Project Demonstration
00:00 Project Demo and Overview. In Wordle, you have six attempts to guess a secret five-letter word. After each guess, you’ll get feedback about which letters are correctly placed, which are misplaced, and which are wrong.
00:15 The New York Times bought the original Wordle in early 2022, and you can now play the game on their website. The game has a social aspect that you won’t re-create in this project.
00:26 The New York Times version of the game has one secret word per day, and all the players are guessing the same word. Your version of the game will look as seen on-screen.
00:38 After you make a guess, each letter is categorized. Correct letters are marked in green, misplaced letters are marked in yellow, and wrong letters are marked in gray.
00:48 If you make any mistakes, such as guessing a word with six letters, then the game will give you appropriate feedback and let you take another guess.
00:59 An important part of this project is bootstrapping the application early. You want to have code that runs so that you can test that the code works, and you can experiment with different ways of implementing the features that you need in the game.

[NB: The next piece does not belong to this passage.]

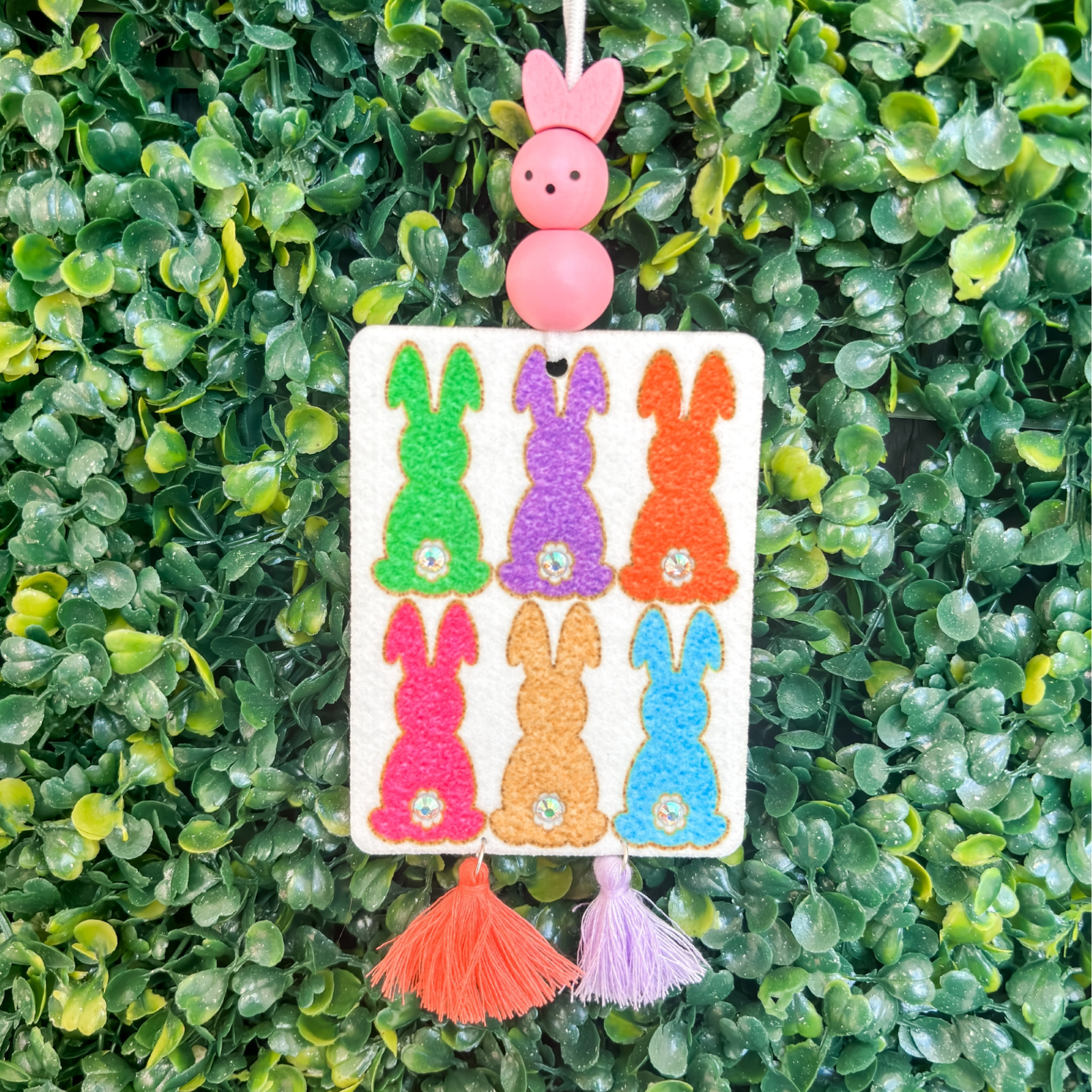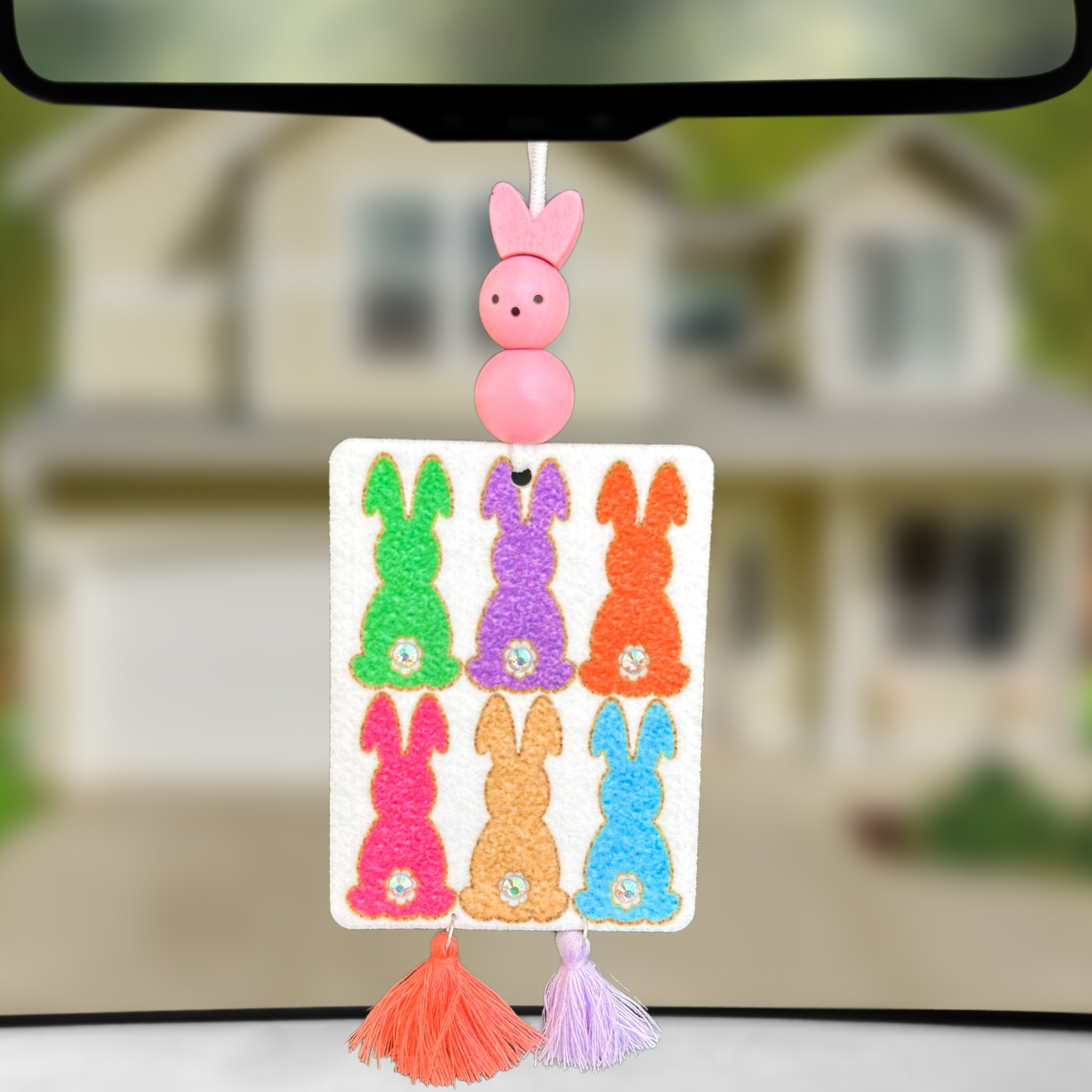 Our felt freshies are full of detail with a 2 sided print and an option for beads and tassels. Hang them in your car, office, or any small space. Once they fade, you can re-scent them with your favorite perfume, essential oil, etc. by applying them to the sides and allowing the oil/liquid to soak in. Bead, tassel, and string color may vary.

01:11 You’ll build your Wordle clone iteratively, going through the steps seen on-screen: creating a simple prototype that allows you to guess a secret word and gives you feedback on the individual letters, making the game more interesting by including a list of words that the game randomly chooses from, refactoring the code to use functions, adding color and style to the game using the Rich library, providing actionable feedback to your users when they play the game, and improving the user interface by adding the status of all the letters in the alphabet. As you work through the course, you’ll see how you can start with a small idea and grow it into our full-featured application. After all, that was Wordle’s journey.
01:53 And in the next section of the course, you’ll start yours.